The receptor–detergent complex was constructed by inserting
the receptor into hollow micelles. The partial atomic charges for
each ligand are the ESP charges calculated using the HF-631G** method
as implemented in the Jaguar program of the Schrödinger suite.[44] The bonded and nonbonded parameters of the ligands
were obtained using the web utility PRODRG.[45] Each of the prepared structures was minimized in energy using the
steepest descent (SD) method in GROMACS. We retained all of the crystal
waters and added counterions to neutralize each system. We used the
SPC force field for the waters in the simulations. Each system was
replicated and assigned with different initial velocities to generate
five independent simulations, resulting in a total of 30 simulations.
MD Simulation Protocol
GROMACS ver. 2016 was used for
all MD simulations in this study. The receptor–detergent system
and solvent waters were independently coupled to a temperature bath
with a relaxation time of 0.2 ps.[46] The
pressure was calculated using a molecular virial and held constant
by weak coupling to a pressure bath with a relaxation time of 0.5
ps. For all of the equilibration simulations, the receptor was positionally
restrained, and the simulations were performed at constant pressure
(NPT). The bond lengths and geometry of the water
molecules were constrained using the SHAKE algorithm.[47] For equilibration of the receptor–detergent complexes,
the atoms of the protein were positionally restrained using a harmonic
restraining force with a force constant of 10000 kJ mol–1 nm–1 during the 1 ns equilibration at 310 K. In
this step, the water molecules and detergent could be moved to optimize
their packing around the receptor. The system was further equilibrated
using the NPT ensemble, while the force constant
of the restraining force was set to 2100 kJ mol–1 nm–1 and reduced to zero stepwise each 2.5 ns.
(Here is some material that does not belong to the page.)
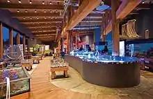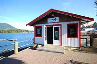 After operating the temporary facility to evaluate the feasibility of the project (the "Mini-Aquarium"), enough support was garnered to justify the construction of a permanent aquarium in a nearby location overlooking Ucluelet Harbor, which opened its doors on 1 June 2012. Groundbreaking for the new aquarium was on 29 June 2011.[1] The government of Canada provided $270,500 investment through the Western Diversification Program, and the West Coast Community Adjustment Program contributed $250,000 towards the project.[2] The permanent facility enriches the existing intertidal beach habitat by feeding several tidepools with outflowing seawater from the building, which will increase the diversity of life in the immediate area and provide more living habitats for visitors to explore in the publicly accessible beach area. The building incorporates the latest in sustainable green technology and showcases this to visitors so that they can leave with a greater understanding of how to achieve energy efficiency in their own homes.
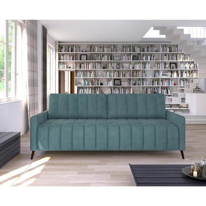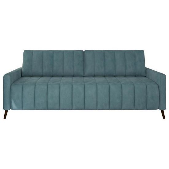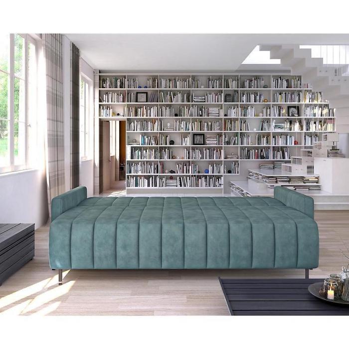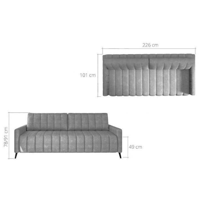 Obicie kanapy stanowi miła w dotyku, wytrzymała tkanina. Całość osadzona jest na metalowych czarnych nóżkach, które nie tylko zapewniają stabilizację mebla, ale też są ciekawym elementem dekoracyjnym. Delikatne przeszycia/pikowania sprawiają, że mebel nie wydaje się być monotonny i przykuwa uwagę. Świetnie tu sprawdzą się także tekstylne dodatki, które ocieplą kanapę, ale także całe pomieszczenie.

At this point, the pressure coupling was switched on. We performed
an additional 5 ns of simulations without restraints before the production
runs. Five independent simulations each to 250 ns were performed with
different starting velocities. The details of the methods used for
calculating properties calculated from MD simulation trajectories
are given in the Supporting Information.